Reacting to historical periods that were enormously antagonistic and bloody to guide action on the emerging battlefield of eastern Ukraine has the potentiality for further escalating conflict, fueled by past victories and memory of old clashes.

Rather than appropriating particular histories in service of immediate political goals and provoking further animosity, study of long-term cultural values and social tendencies can provide a foundation for understanding motivations and strategies.

If history can inform ongoing developments in eastern Ukraine, Russia is acting as it always has -- as a nationalist entity that transcends both ideology and ruler. Stalin understood this when he dubbed World War II "The Great Patriotic War." His soldiers might not fight for him, or even communism, but they would give their lives for Mother Russia, as they did for Tsar Alexander in 1812.

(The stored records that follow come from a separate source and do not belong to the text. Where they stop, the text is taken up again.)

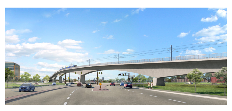
Rendering of the LRT bridge over Excelsior Blvd.

Revisions include refined freight rail coordination and maintenance elements, adjusted completion dates to allow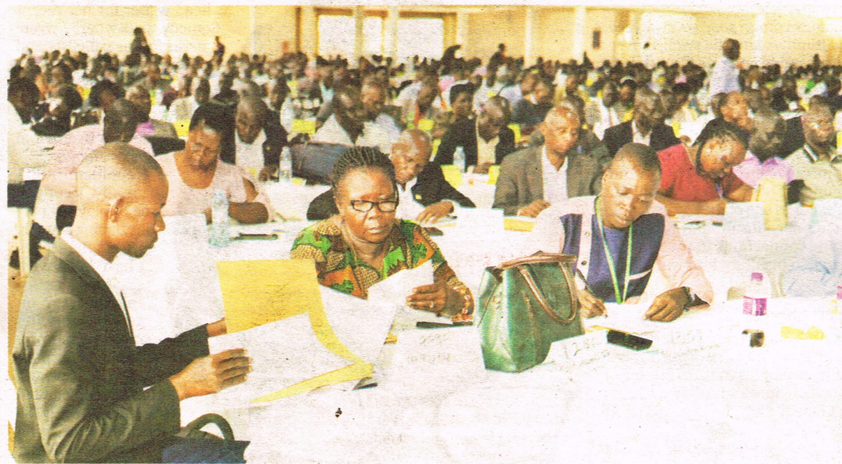
Headteachers from different secondary schools take part in the Senior One selection exercise at UMA multipurpose hall in Lugogo, Kampala City, last February.

Another 388,293 candidates passed in Division Two from the 2025 cohort compared to 397,589 who wrote their final papers in 2024. A total of 165,226 candidates were in Division Three, while 84,724 passed in Division Four.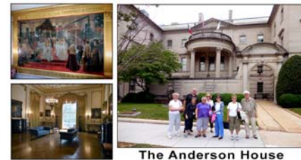
The Anderson House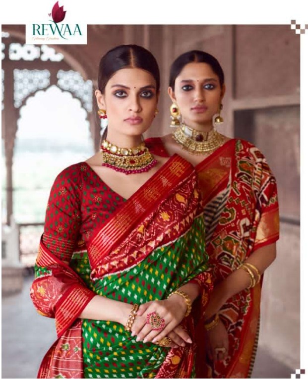
R 113 ■ the timeless treasure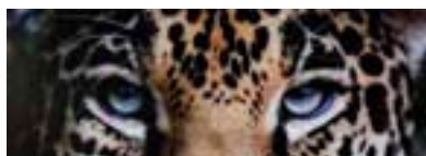
Chrysalis School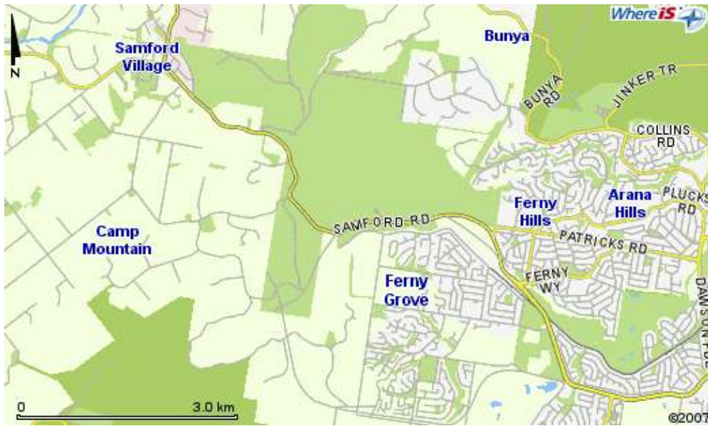
Kepperra to Samford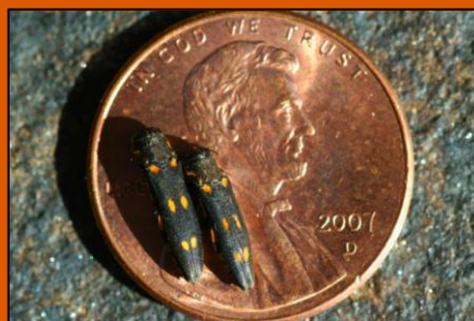
Goldspotted Oak Borer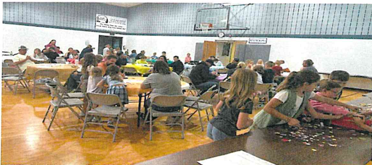
Our First Faith Formation Family Night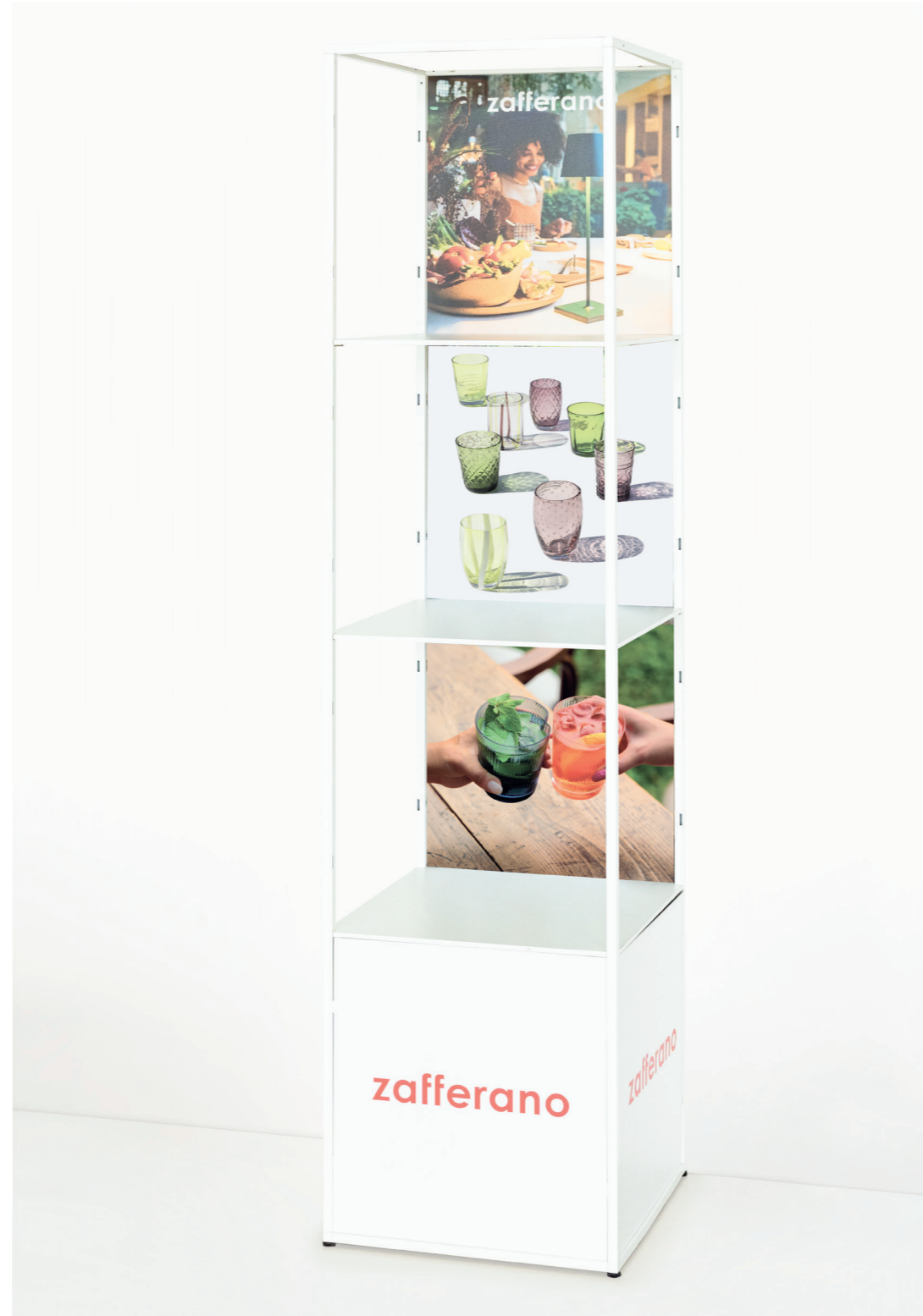
Visual - side 1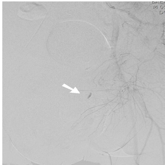
Figure 2. Left internal iliac artery angiography demonstrate active contrast leakage from left internal pudendal artery branch (arrow)

And for America's part, intervention in foreign affairs and conflicts might also belong to a tradition much older than the Cold War -- Woodrow Wilson's Fourteen Points. The idealistic tendency toward active promotion of democracy, self-determinism, and transparency, has the capacity to conflict with others' national interests, including Russia's, even while Russia's own expressions of its geopolitical interests are shrouded in similar democratic rhetoric.

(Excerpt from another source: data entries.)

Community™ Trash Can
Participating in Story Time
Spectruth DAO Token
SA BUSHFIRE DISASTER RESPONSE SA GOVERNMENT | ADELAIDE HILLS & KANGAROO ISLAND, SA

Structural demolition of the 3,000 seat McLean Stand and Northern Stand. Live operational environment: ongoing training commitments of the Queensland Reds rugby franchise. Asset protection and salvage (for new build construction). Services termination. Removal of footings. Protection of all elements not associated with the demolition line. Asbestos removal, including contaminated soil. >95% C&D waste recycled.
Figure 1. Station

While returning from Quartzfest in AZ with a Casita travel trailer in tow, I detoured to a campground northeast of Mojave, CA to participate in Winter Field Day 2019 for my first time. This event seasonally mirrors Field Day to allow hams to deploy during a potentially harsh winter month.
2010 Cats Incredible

Russia will likely always act in what it perceives as its geostrategic interest, protecting its sphere of influence and its Slavic/Eurasian uniqueness. The U.S. will also act in its perceived interest, which often somewhat confusingly includes ideology and idealism as manifestations of American Exceptionalism.

History informs us of the past and perhaps its meaning, but memory and rhetoric are used as tools to validate states' interests. For all the differences in how Russia and the United States are representing the current clash in Ukraine, pointing to historical examples that do not stand up to rigorous analysis, both countries share a strikingly similar approach to using past episodes as justification for present action.

While this does not tell us anything new about history, it does illuminate the malleability of official versions of "what happened" and signal the potential risks of exploiting past conflicts burned into the collective psyche of both countries, provoking antipathy, fear, and possibly war.